Ukraine: Smirnov & Proposed Pridnestrovien Annexation Referendum
Deputy Director, American Institute in Ukraine
Igor Smirnov, longtime president of the unrecognized Pridnestrovian Moldavian Republic, raised some eyebrows, and not only in Ukraine, when he recently suggested that Pridnestrovie might hold a referendum on uniting with Ukraine as an autonomous region. Mr. Smirnov’s proposition was floated in early November with Ukrayina Moloda (Україна молода) in advance of Pridnestrovie’s December 11 presidential vote, where he is being challenged by Anatoly Kaminsky, head of the opposition Obnovleniye (“Renewal”) party; and by former parliamentary speaker Yevgeny Shevchuk.

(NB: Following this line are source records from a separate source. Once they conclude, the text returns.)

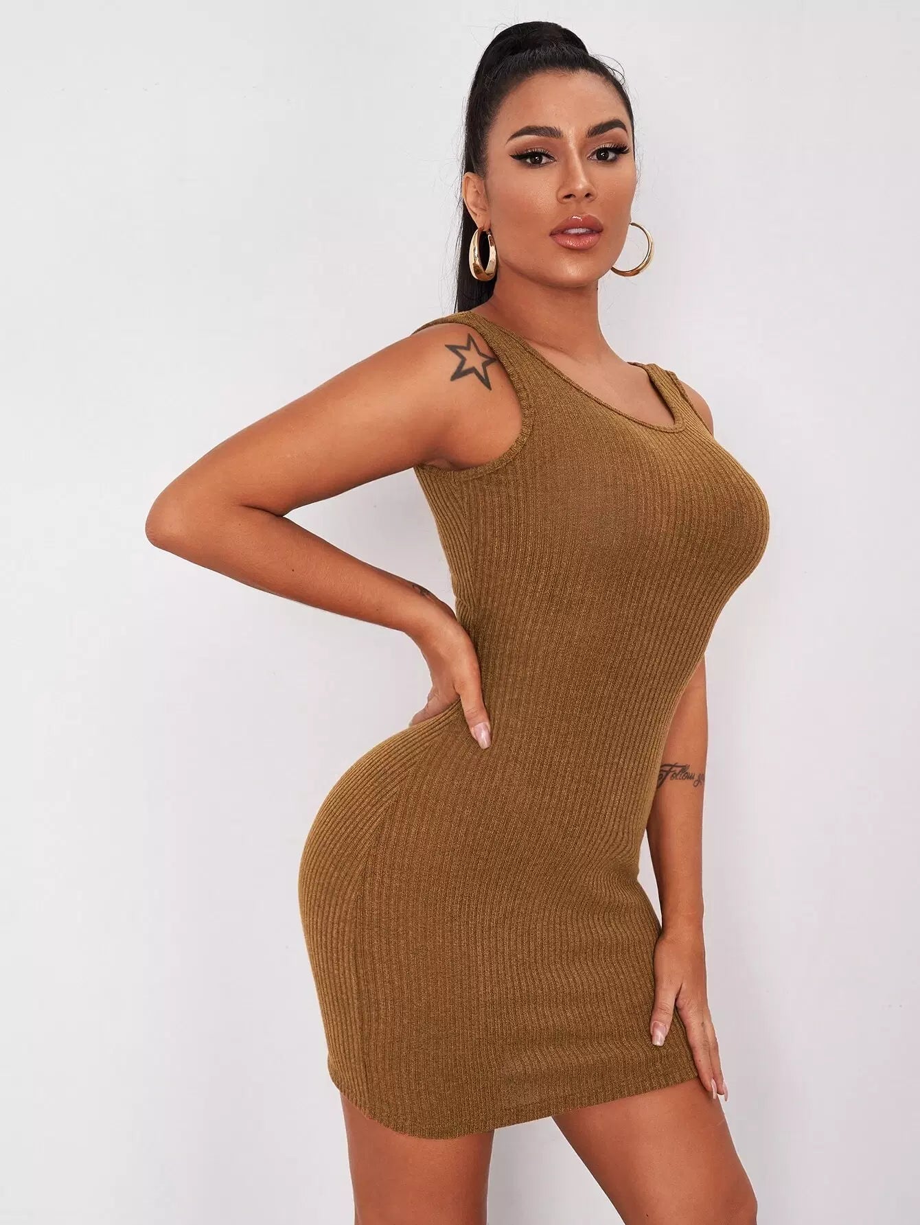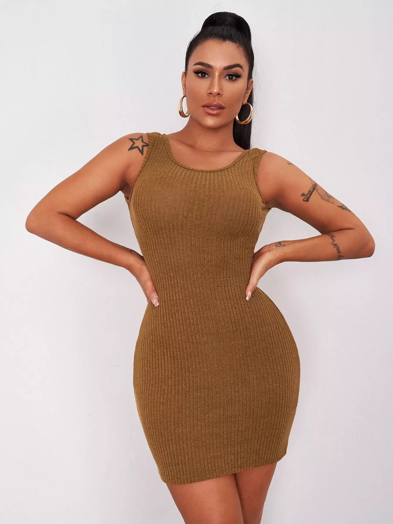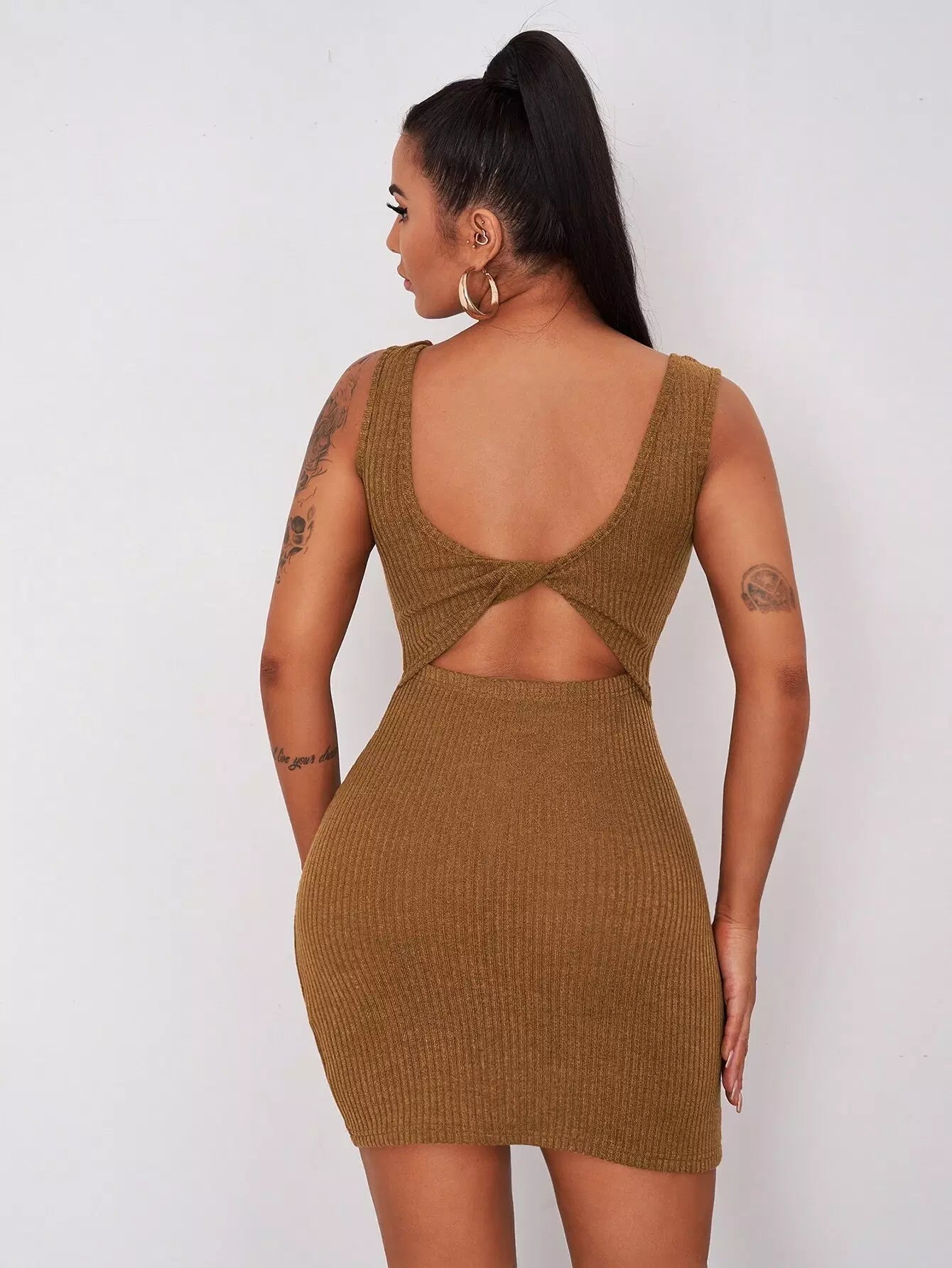 Twist Backless Rib-knit Tank Dress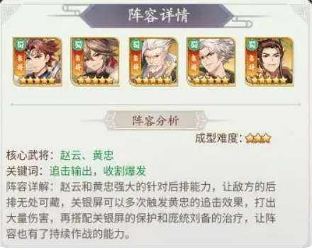 1、蜀汉群英阵容:赵云、关银屏、黄忠、庞统、刘备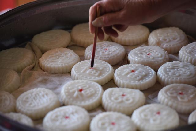 ↑2月6日,按传统春节习俗,安徽省宣城市泾县查济村的村民在刚做好的米粿上“点胭脂”。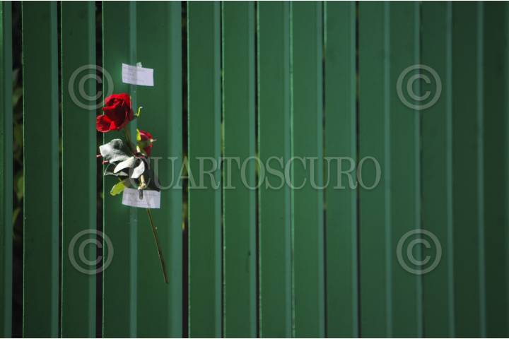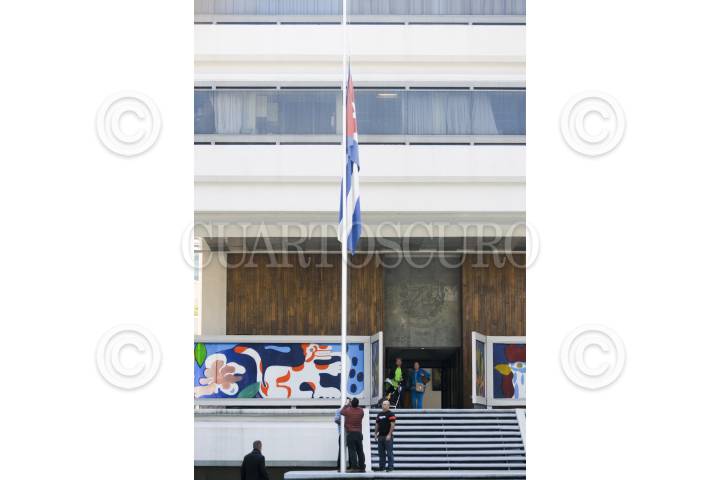 CIUDAD DE MÉXICO, 26NOVIEMBRE2016.- Cubanos residentes en México colocaron flores en las rejas de la embajada de Cuba luego de la muerte del comandante Fidel Castro la noche de ayer, según lo informado por su hermando Raúl Castro. Cubanos de la embajada izaron la bandera a media asta, el gobierno cubano decretó 9 días de luto por el fallecimiento del líder cubano. FOTO: DIEGO SIMÓN SÁNCHEZ /CUARTOSCURO.COM
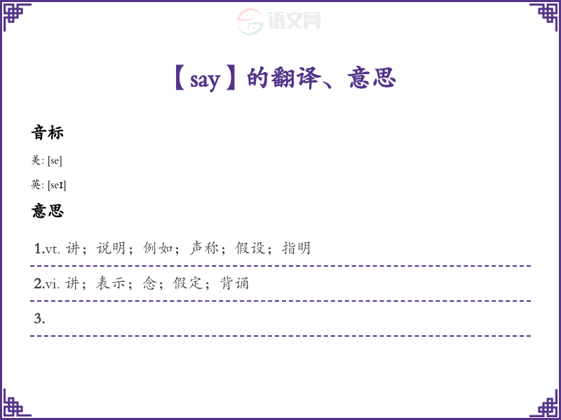 - 字面意思:动词“say”意为“说”或“表达”,通常用于口头或书面交流中。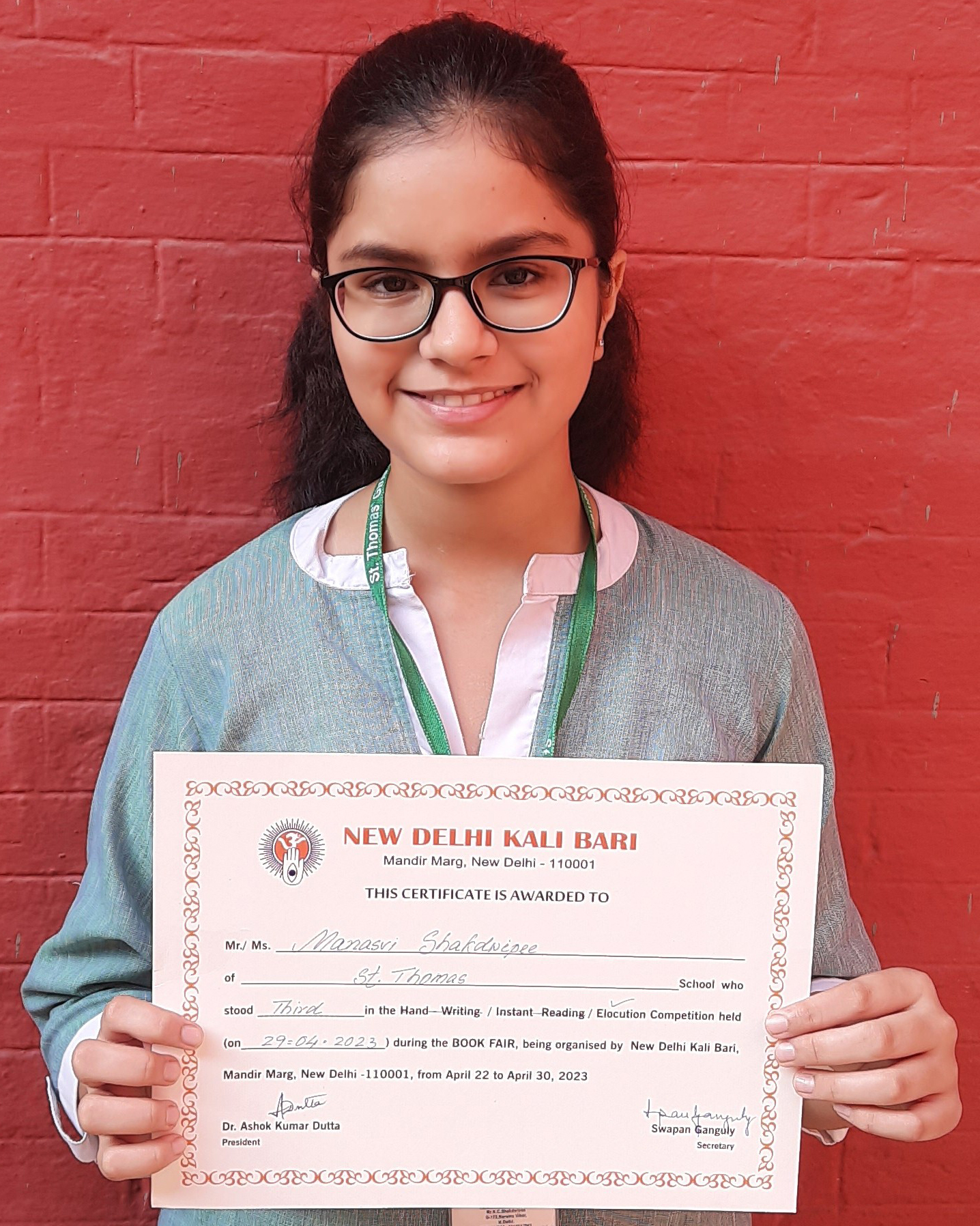 Manasvi Shakdwipee(XA) won III prize in Elocution Competition (Hindi Speech) organized by New Delhi Kali Bari.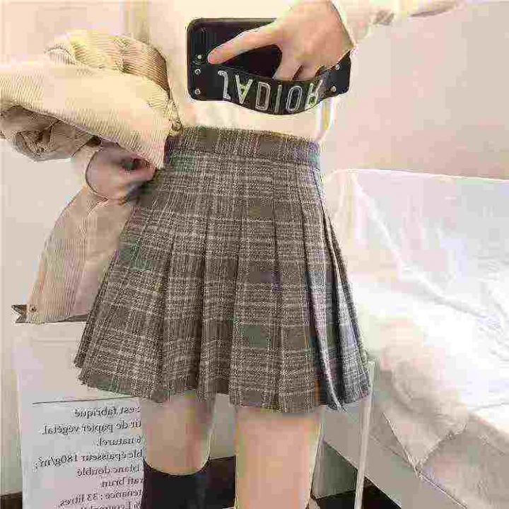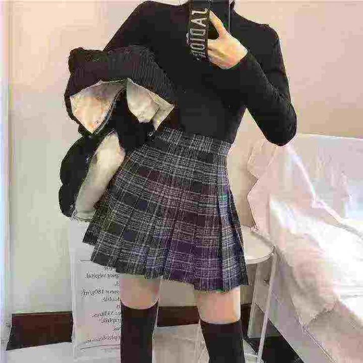 复古撞色设计感格纹毛呢百褶裙,数量79件...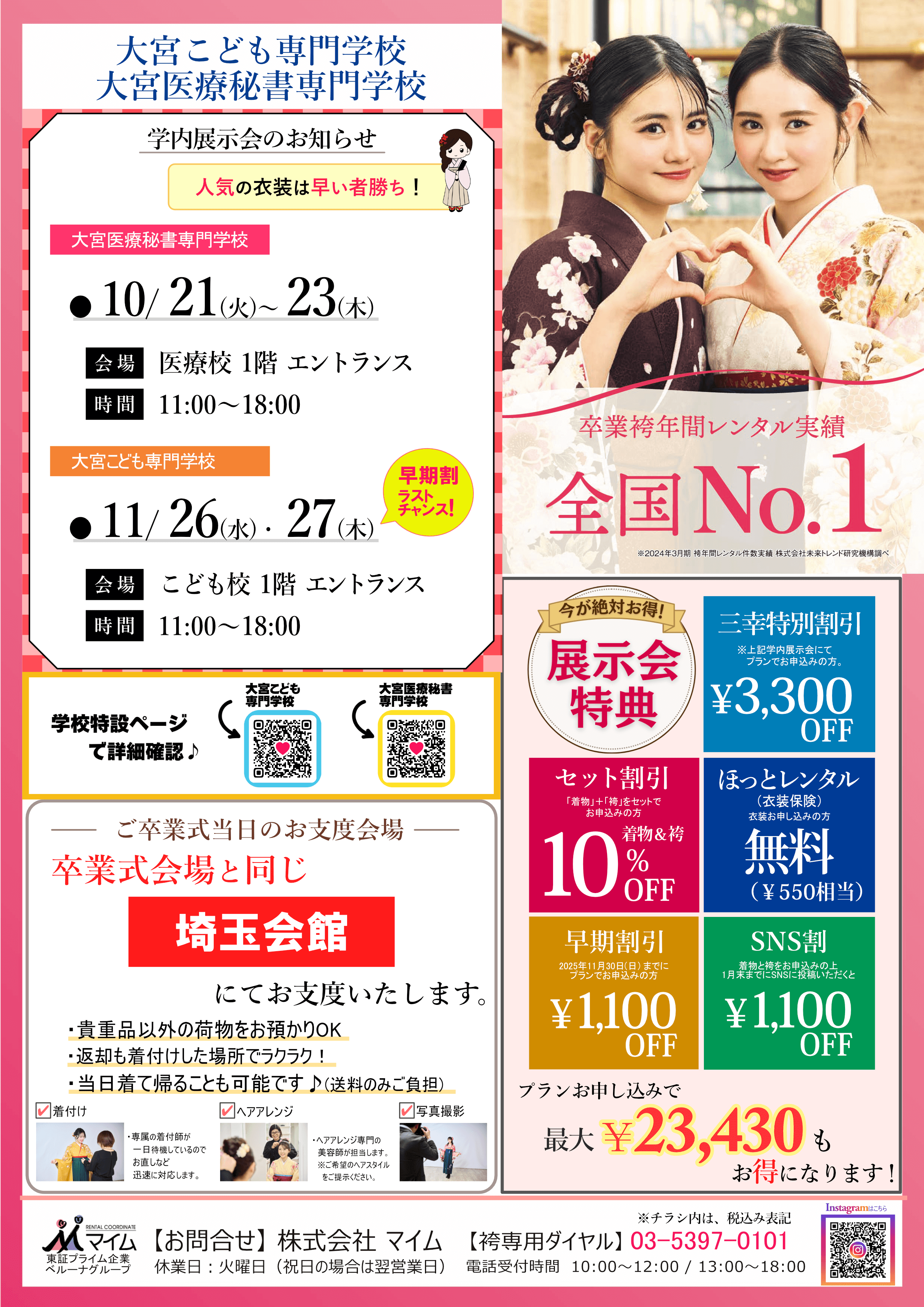 学内予約会は、マイムで人気の着物と袴をあなたの学校で試着したり、気に入ったらその場で予約できちゃう展示会です。※イベントは、急遽延期や中止になる場合もあります。あらかじめご了承ください。

Mr. Smirnov, a longtime client of Moscow, is now in disfavor because his former patrons evidently have gotten sick and tired of seeing their aid being siphoned off, in turn jeopardizing Pridestrovie’s prospects. Instead, the Russians clearly now support Mr. Kaminsky and Obnovleniye, which has a party-to-party alliance with Russia’s ruling United Russia party. Kremlin Chief of Staff Sergei Naryshkin has openly accused Mr. Smirnov of corruption and “unwillingness to yield the way to new political forces” (i.e., Mr. Kaminsky and Obnovleniye). Further piling on, Russian law enforcement agencies have launched a criminal investigation against Mr. Smirnov’s son and his daughter-in-law for embezzling Russian financial aide to Pridnestrovie. On cue, the Russian media has opened a slash-and-burn anti-Smirnov campaign.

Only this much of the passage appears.